Dynatrace announced product improvements including improved user experience, advanced log insights, and extended cloud-native capabilities, equipping businesses with essential technology to boost operational efficiency and drive productivity.

Key Advancements Include:

- Improved User Experience: With the newest advancements, users have easier access to the insights they need to visualize and dive deeper into their data, analyze it in context, and drive proactive, AI-powered automation. Simplified dashboards, streamlined navigation, and consistent interfaces seamlessly extend the power of Dynatrace across every team and department. Onboarding is frictionless, with in-product guidance facilitating smoother cross-functional communication.

- Next-Level Log Management and Analytics: Operations, SREs, DevOps, Cloud, and Security teams can now access log insights tailored to their needs, without manual effort, and without compromising security and privacy. With these advanced logs solutions, teams can derive greater value from logs faster and at scale with the ability to automatically ingest, manage, and analyze logs without complex manual setup. This is supported by Dynatrace OpenPipeline™, which enables teams to process data from various sources in virtually any format, and Dynatrace Grail™, a data lakehouse designed explicitly for observability and security data.

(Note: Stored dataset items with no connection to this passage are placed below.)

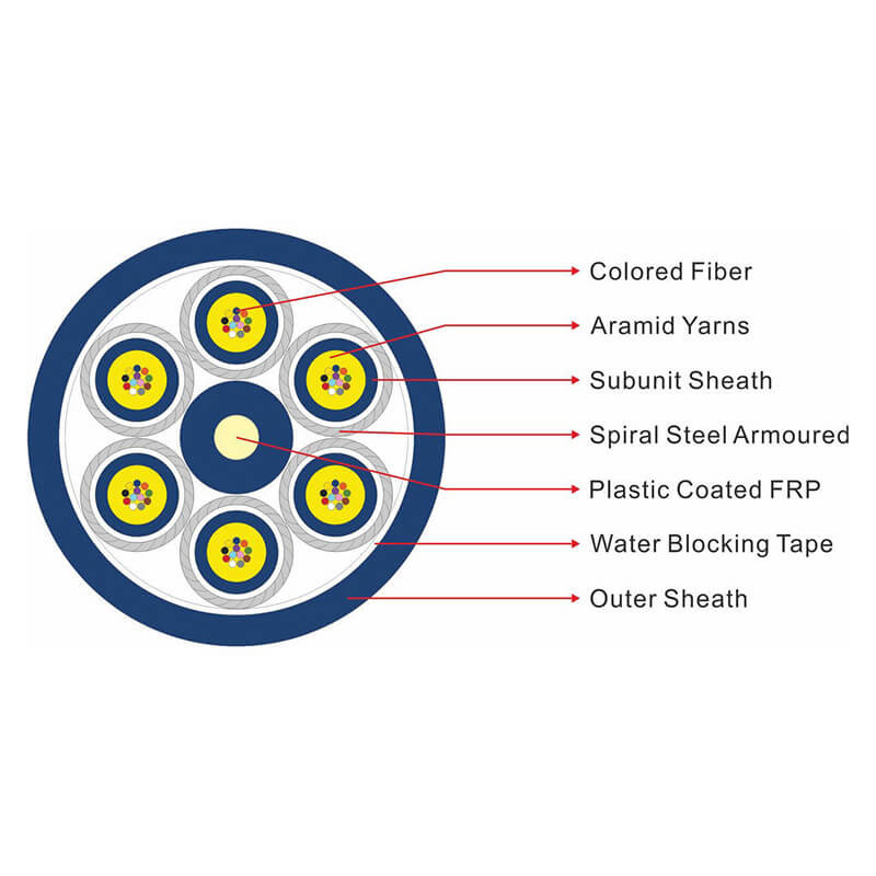 Το GJAFKV εσωτερικό καλώδιο πολυπυρηνικής δέσμης τύπου θωρακισμένου οπτικού ινών είναι μια πολυπυρηνική ίνα αραμίδης ενισχυμένη με μια επιφάνεια μικρής οπτικής ινής με πολυπυρηνική δέσμη φ250μm.Ένα στρώμα εσωτερικής κάλυψης από PVC ή LSZH εκκρίνεται στην επιφάνεια των ράβδων ως υπομονήΗ υπομονή και οι μη μεταλλικές ενισχύσεις FRP (και ενδεχομένως τα στρώματα) είναι κολλημένα σε κύκλο,περιτυλιγμένο με στεγνή ταινία αποθήκευσης νερού μεταξύ του πυρήνα και της κάλυψης, και τελικά το PVC (ή LSZH) περιβλήμα είναι καλώδιο εξάντλησης.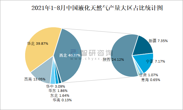 2021年1-8月中國液化天然氣產(chǎn)量大區(qū)占比統(tǒng)計圖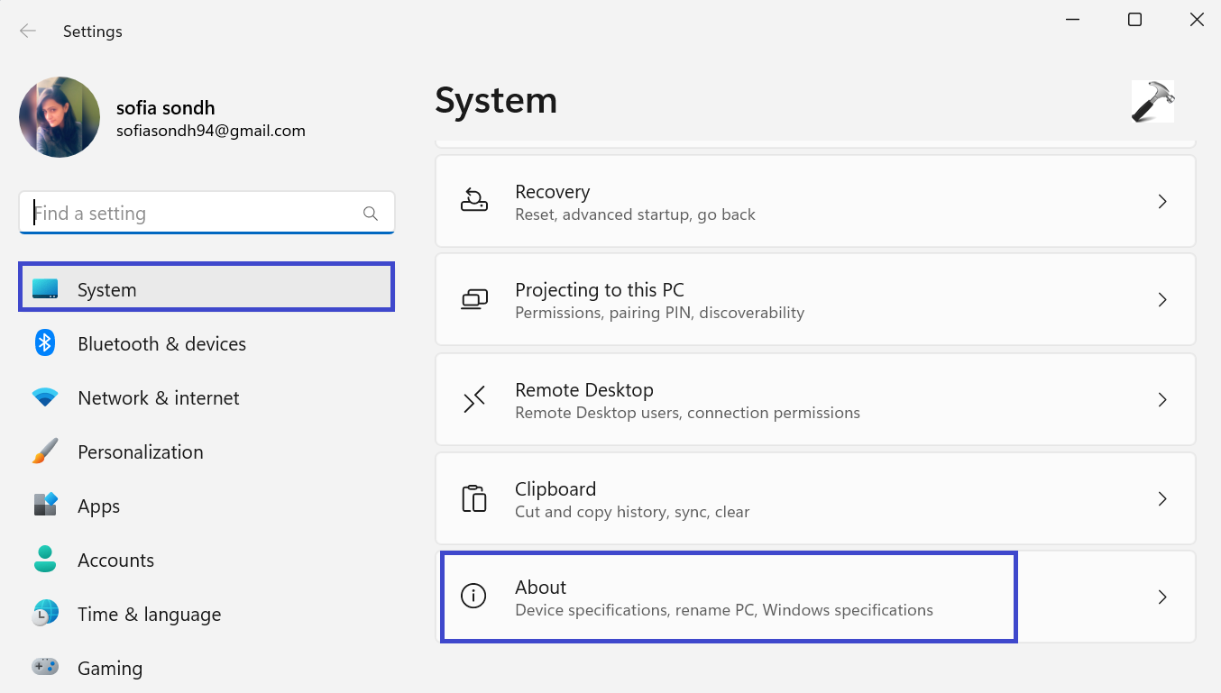 1.Ouvrez l'application Paramètres et accédez à «À propos« .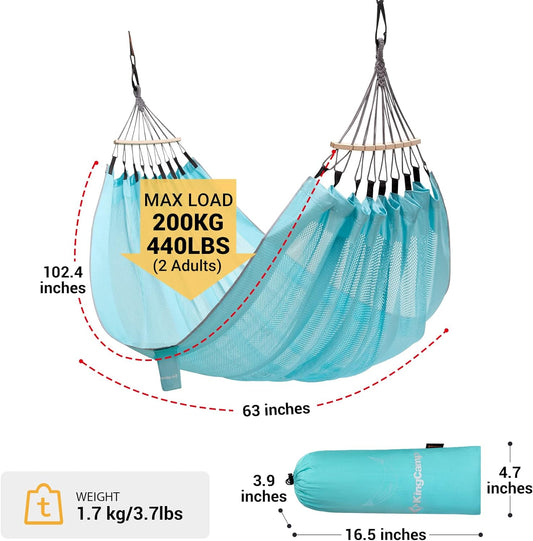 NEW - KingCamp Double Mesh Hammock, Camping Hammock Breathable Portable Outdoor/Indoor Hammocks Tree Hammock for Camping Backpacking, Hiking, Backyard, Patio Support to 440lbs, 2 Tree Straps (Cyan) - Retail $29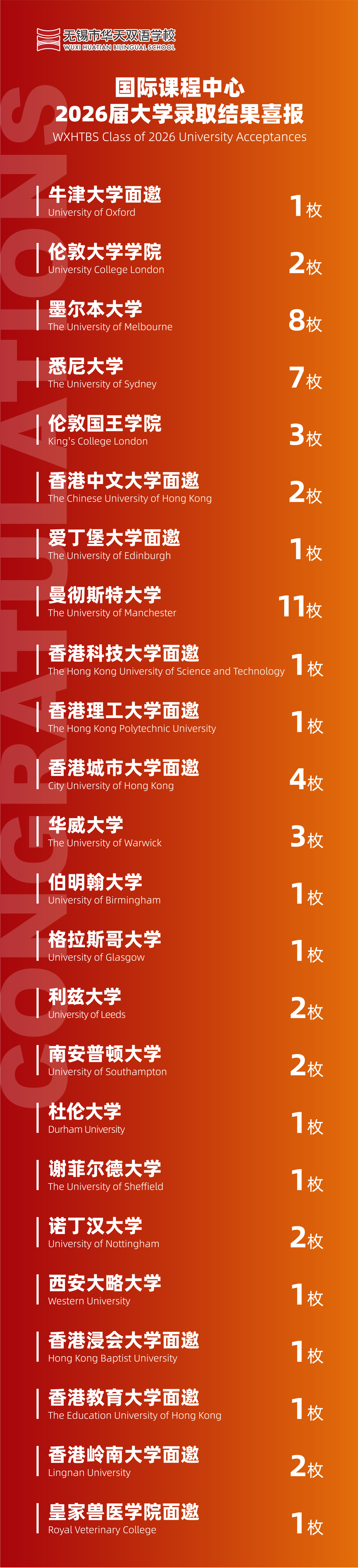 来华天,走更远,眼下正值2026申请季,国际课程中心毕业生已经收到来自多个国家与地区的众多大学录取及面邀。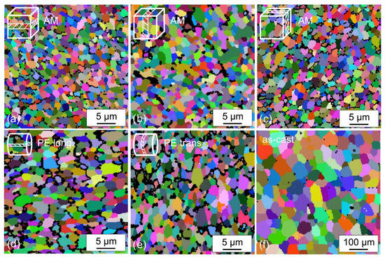 Electron backscatter diffraction of (a–c) selective laser melting, (d,e) of powder extruded, (f) of as-cast material. Reprinted with permission from ref. [58]. Copyright 2019 Elsevier.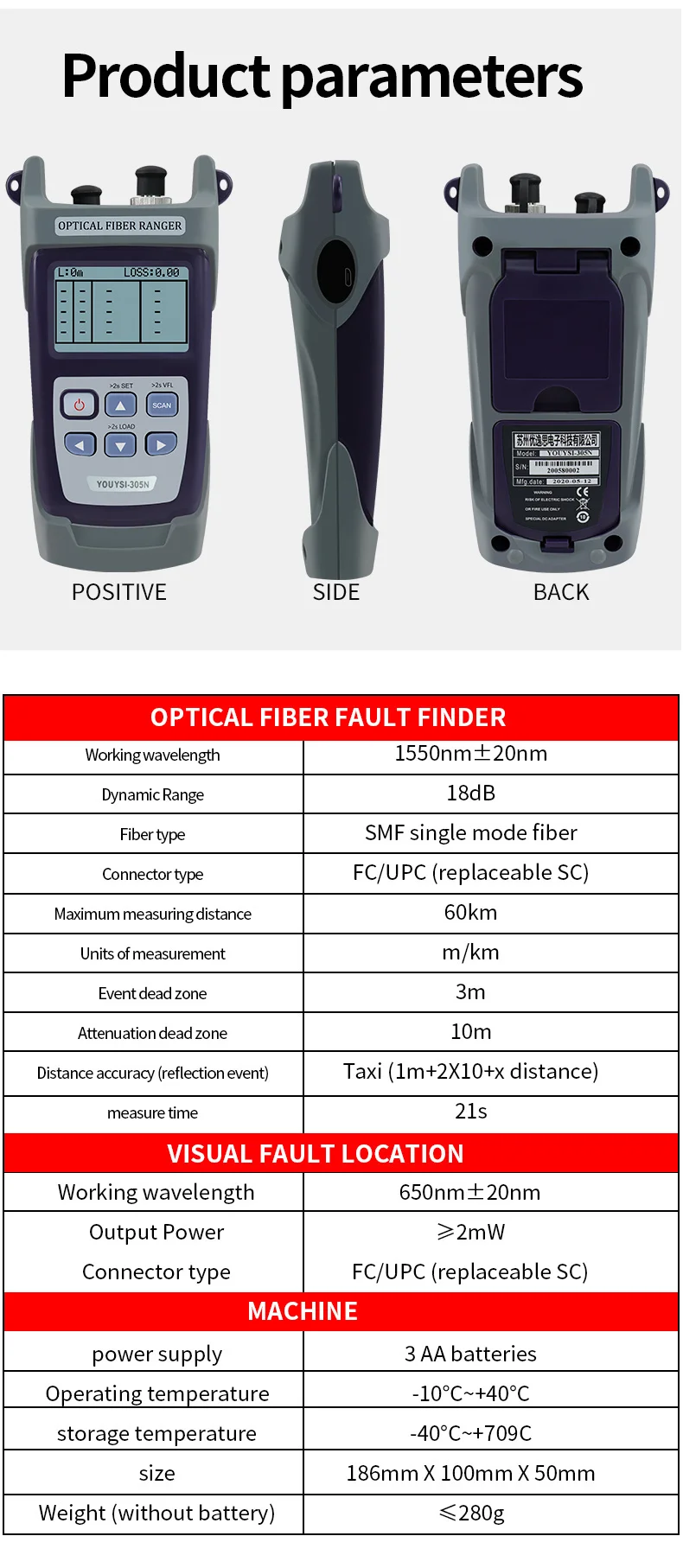 Мини OTDR YYS-305N SGOT04 AUA28 1550nm 18dB + VFL 60KM волоконно-оптический Волоконно-оптический рефлектометр встроенный VFL с сенсорным портом FC SC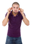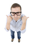 Geek głupi człowiek pełnej długości wygranej, na białym tle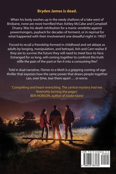 Three friends. Two voices. One terrible secret. Told in dual narrative, Flames to a Moth is a gripping coming-of-age thriller that exposes how the same power that draws people together can, over time, tear them apart ... or worse. Bryden James is dead. When his body washes up in the reedy shallows of a lake west of Brisbane, none are more horrified than Ashley McCabe and Campbell Druery. Was his death retribution for a manic vendetta against powermongers, payback for decades of torment, or in reprisal for what happened with their involvement one dreadful night in 1992? Forced to recall a friendship formed in childhood and set ablaze as adults by longing, manipulation, and betrayal, Ash and Cam realise if they are to survive the future they will need to meet face-to-face. Estranged for so long, will coming together to confront the truth stifle the pain of the past or fan it into a consuming fire? 'Compelling and heart-wrenching. The central mystery had me feverishly turning the pages.' BEN HOBSON, author of Snake Island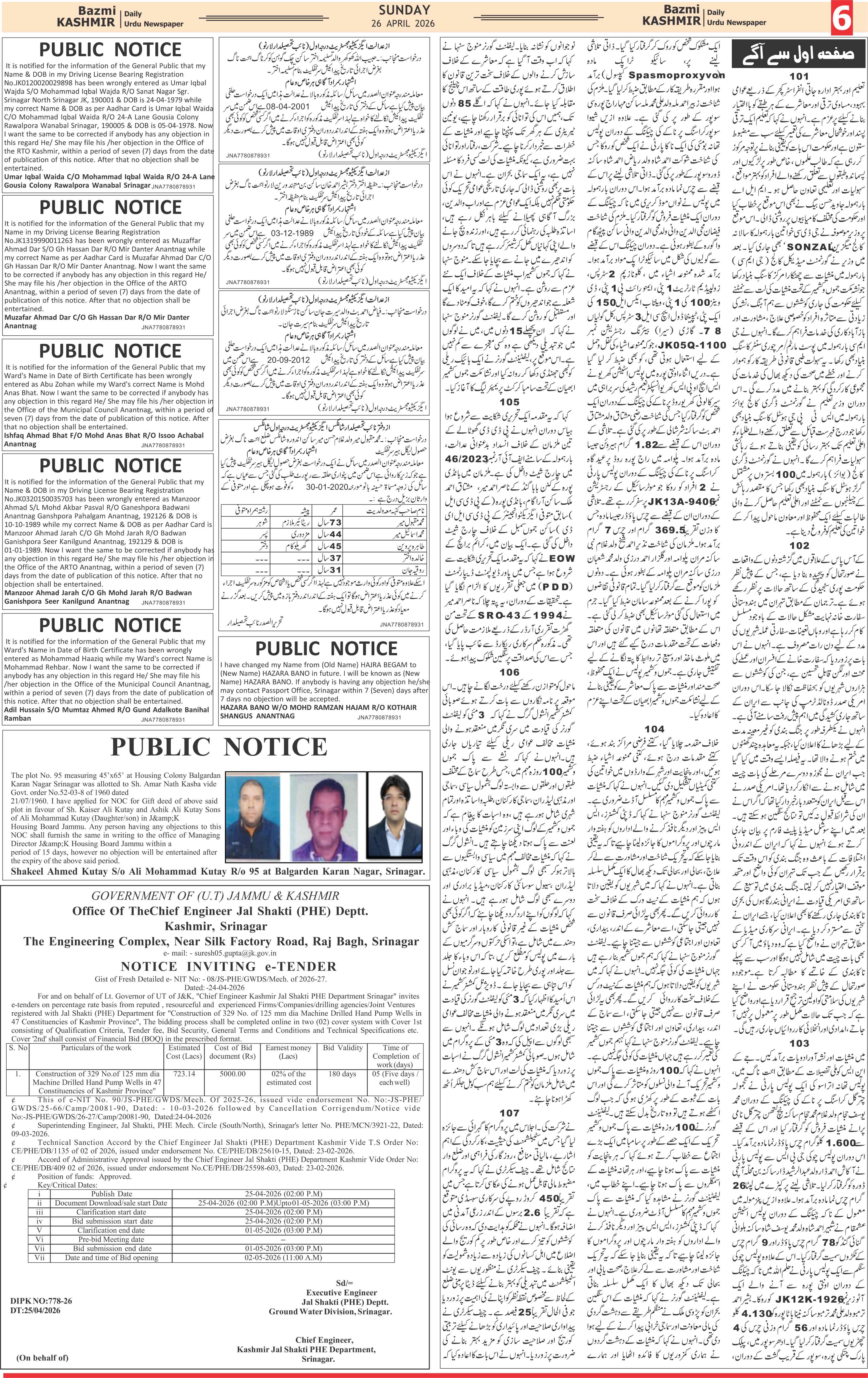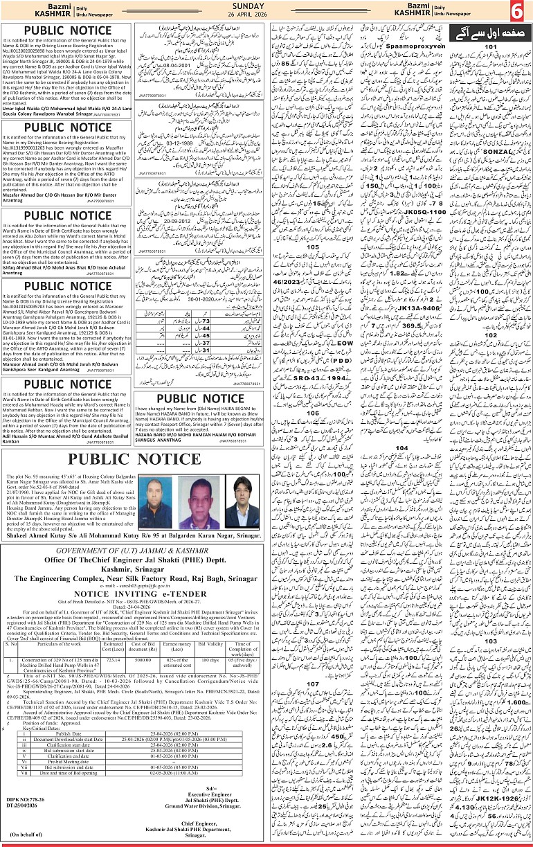 Bazam Kashmir Page: 6 April 26, 2026 << First << 6 >> Last >> Page 1Page 2Page 3Page 4Page 5Page 6Page 7Page 8 × Bazam Kashmir B -6 B -1B -2B -3B -4B -5B -6B -7B -8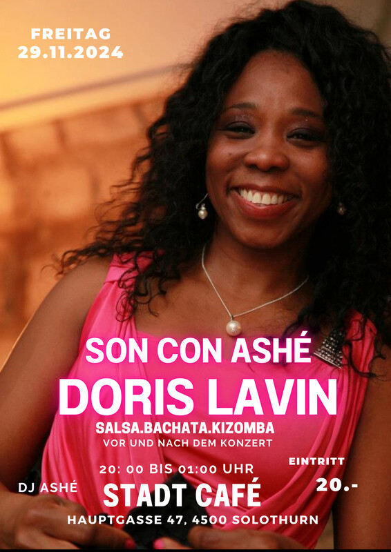 Wir laden Sie ein, zu tanzen und ein schönes Konzert kubanischer Musik zu genießen. Doris Lavin kubanische Sängerin mit einem großen musikalischen Repertoire. Salsa Party vor und nach dem Konzert 22:30 Uhr . Live konzert mit Doris Lavin Salsa . Bachata . Kizomba . Dj Ashé Wir freuen uns auf Euch . Eintritt: 20 CHF STADT CAFÉ Hauptgasse 47,4500 Solothurn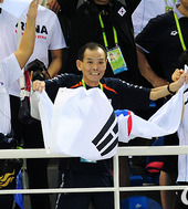 2010.11.16 20: 05[AG사진]'2관왕' 박태환과 태극기

- Extended Capabilities for Cloud Native Teams: Accessing deeper observability and insights into cloud workloads is now simpler for cloud-native operations, SREs, and platform engineering teams. Extended AI-powered analytics and workflows with additional hyperscaler integrations enable streamlined cloud operations that help teams take full advantage of the agility and scalability of cloud environments. Teams can effortlessly manage across multiple cloud providers with innovations like Kubernetes Health Management and the Dynatrace Clouds™ app, while also benefiting from automatic security assessments with solutions like Dynatrace Kubernetes Security Posture Management (KSPM).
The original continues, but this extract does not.